Watir 抓取顺序元素:如此简单,但没有 [英] Watir scraping sequential elements : so simple, but no
问题描述
这太简单了...我想用 watir(红宝石宝石:)
time1<div class="Locus">locus1</div><div class="Locus">locus2</div><div class="时间">time2</div><div class="Locus">locus3</div><div class="时间">time3</div><div class="Locus">locus4</div><div class="Locus">locus5</div><div class="Locus">locus6</div><div class="时间">time4</div>等等..
结果应该是这样的数组:
time1 locus1时间 1 轨迹 2时间 2 轨迹 3时间 3 轨迹 4时间 3 轨迹 5时间 3 轨迹 6时间 4 xxx
所有的 div 都在同一级别(不是叠瓦).无法使用 watir 方法找到解决方案...谢谢你的帮助
对于每个 Locus 元素,您可以通过 #preceding_sibling
方法检索前面的 Time 元素:
result = browser.divs(class: 'Locus').map do |div|时间 = div.preceding_sibling(class: '时间').text轨迹 = div.text#{time} #{locus}"结尾结果#=>["time1 locus1", "time1 locus2", "time2 locus3", "time3 locus4", "time3 locus5", "time3 locus6"]
请注意,如果列表很长,您可能希望通过 Watir 检索 HTML,然后在 Nokogiri 中进行解析.这将节省大量的执行时间,但以可读性为代价.
doc = Nokogiri::HTML.parse(browser.html) # 其中 `browser` 是通常的 Watir::Browserresult = doc.css('.Locus').map do |div|time = div.at('./preceding-sibling::div[@class="Time"]').text轨迹 = div.text#{time} #{locus}"结尾结果#=>["time1 locus1", "time1 locus2", "time1 locus3", "time1 locus4", "time1 locus5", "time1 locus6"]
This is so simple... I want to scrap some web page like that with watir (gem of ruby:)

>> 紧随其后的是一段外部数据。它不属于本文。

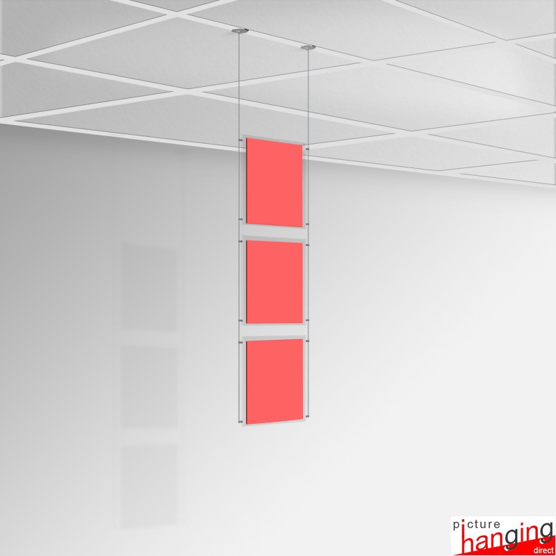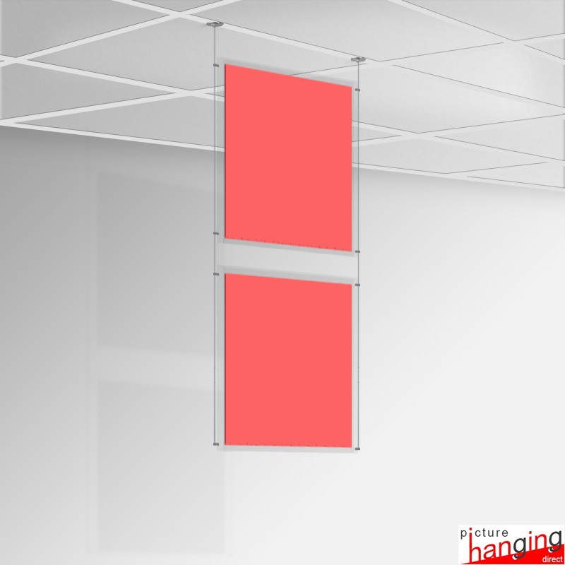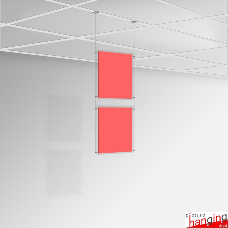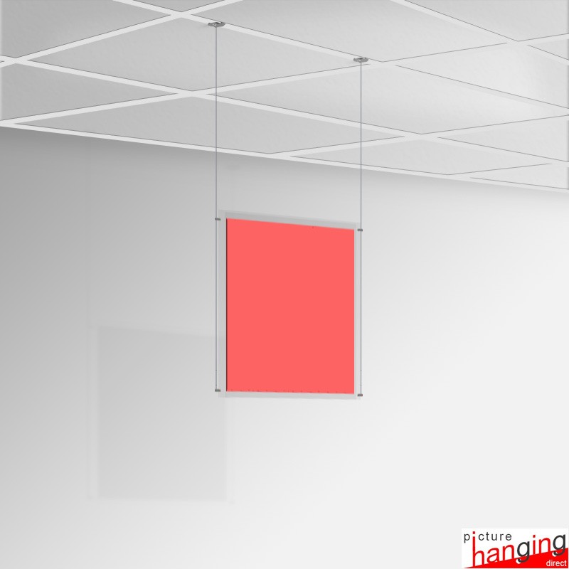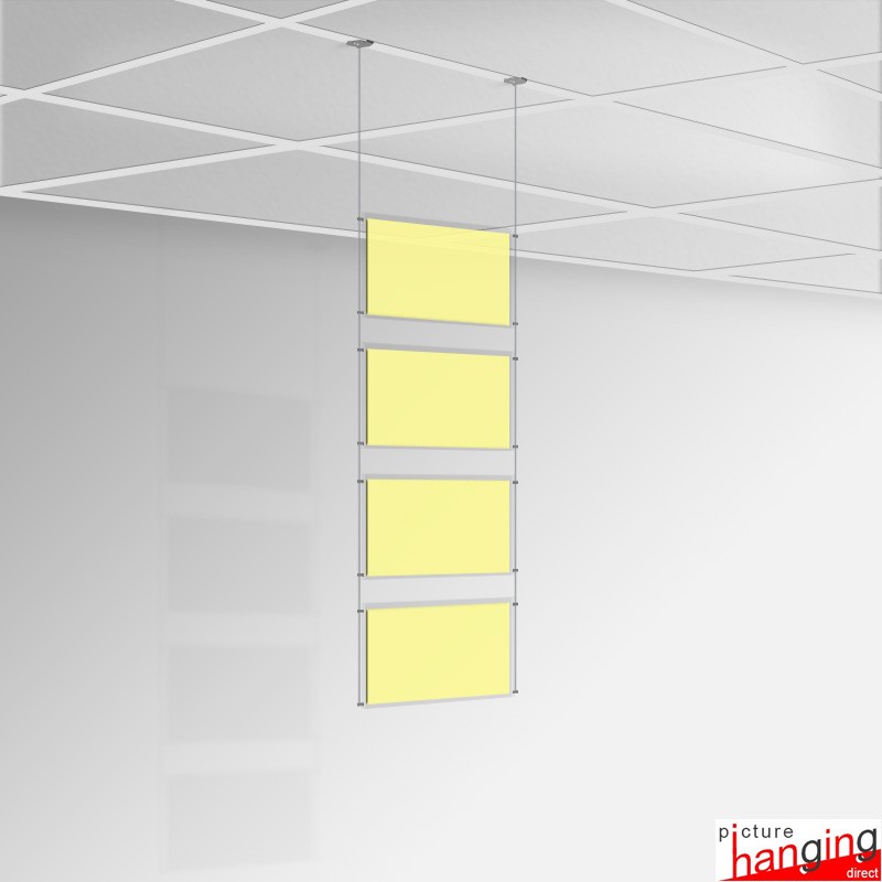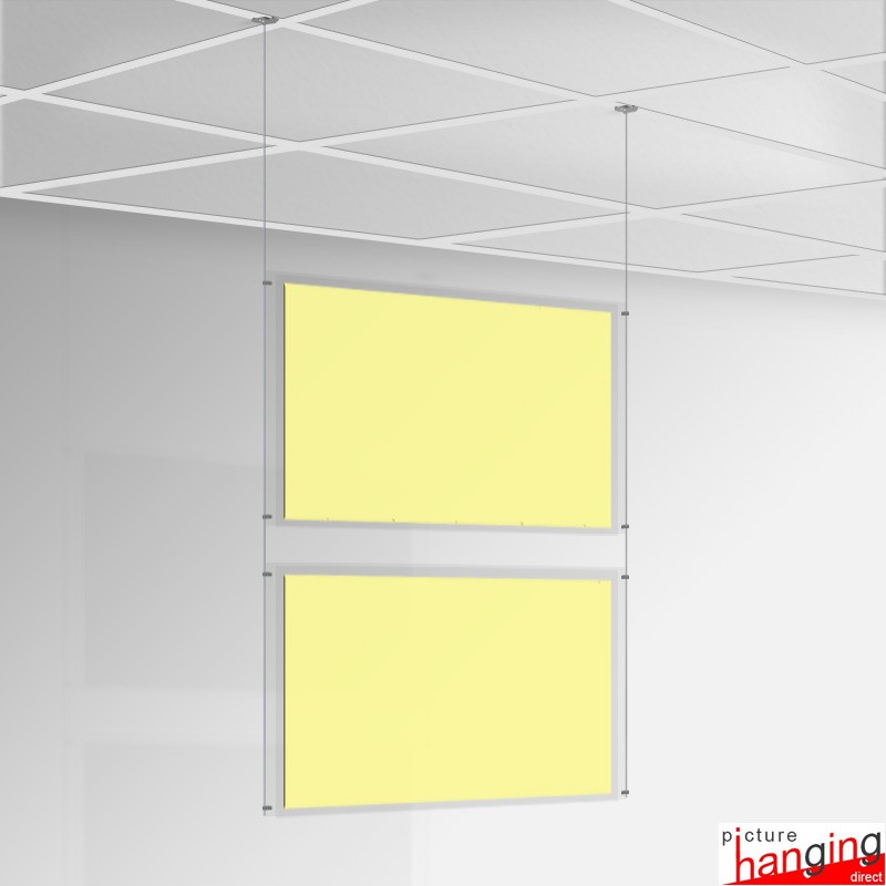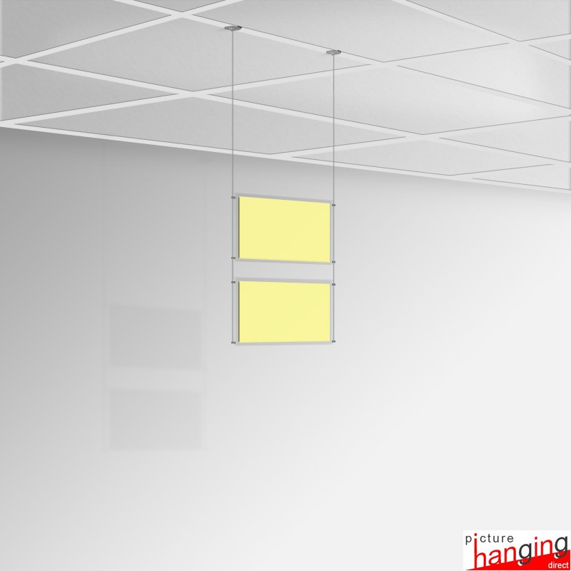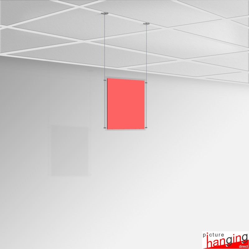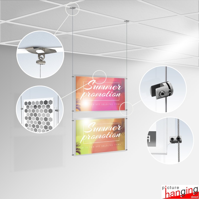 The Ceiling Grid Hanger Set is a ready-to-use kit of hanging fittings to hang signs from suspended ceilings! A unique hanging system requiring no screws or drilling! Twist-on clips attach directly to the ceiling grid, and their wires suspend an acrylic pocket that holds your POS sign. Sets feature (2) Twist-On Clips, (2) 2m cables & (Up to 4) poster pockets, sizes: A4 to A0 (Portrait & Landscape)
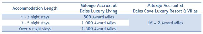 For stays at either Daios Hotel up until 31.07.2013, Members earn miles according to the ratio 1€ = 2 Award Miles.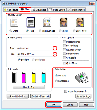 Sélectionnez les paramètres Paper Size (Taille papier) et Orientation adaptés. Vous pouvez aussi définir une taille de papier personnalisée. Pour plus de détails, reportez-vous à l'aide en ligne.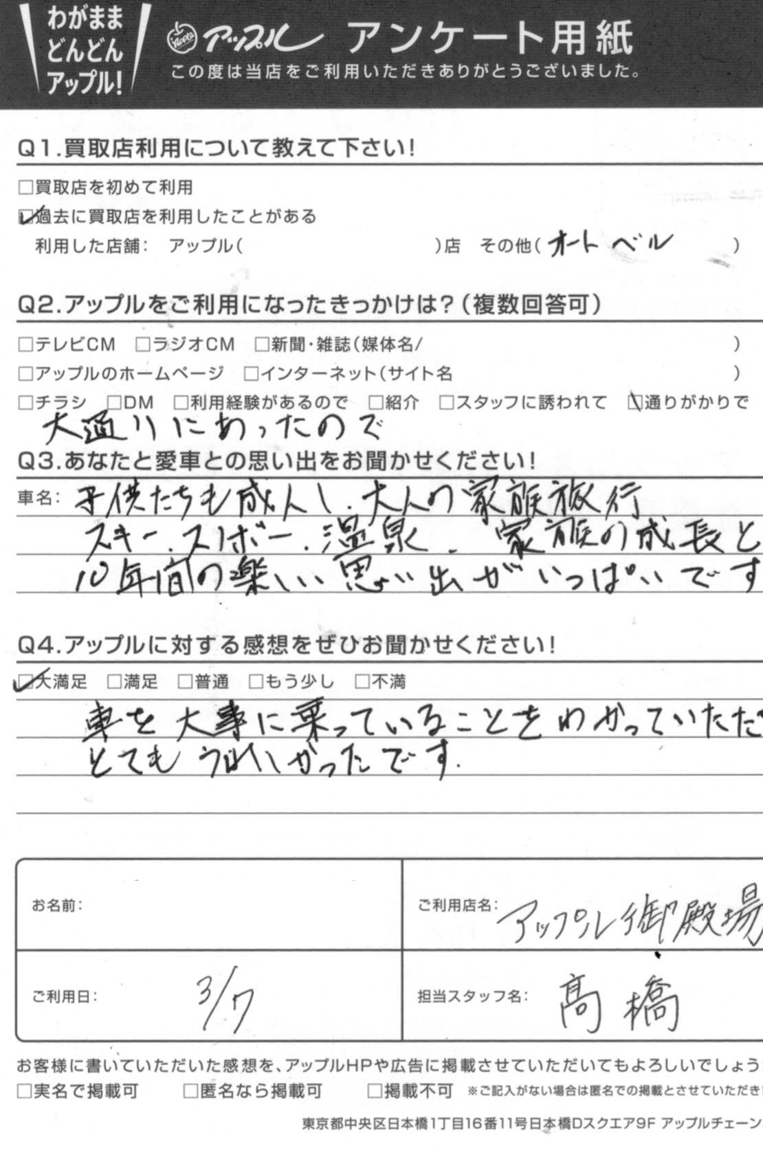 車を大事に乗っていることをわかっていただいてとてもうれしかったです。

<div class="Time">time1</div>
<div class="Locus">locus1</div>
<div class="Locus">locus2</div>
<div class="Time">time2</div>
<div class="Locus">locus3</div>
<div class="Time">time3</div>
<div class="Locus">locus4</div>
<div class="Locus">locus5</div>
<div class="Locus">locus6</div>
<div class="Time">time4</div>
etc..
The result should be an array like that :
time1 locus1
time1 locus2
time2 locus3
time3 locus4
time3 locus5
time3 locus6
time4 xxx
All the divs are at the same level (not imbricated). No way to find the solution using the watir methods... Thx for your help
For each Locus element, you can retrieve the preceding Time element via the #preceding_sibling
method:
result = browser.divs(class: 'Locus').map do |div|
time = div.preceding_sibling(class: 'Time').text
locus = div.text
"#{time} #{locus}"
end
p result
#=> ["time1 locus1", "time1 locus2", "time2 locus3", "time3 locus4", "time3 locus5", "time3 locus6"]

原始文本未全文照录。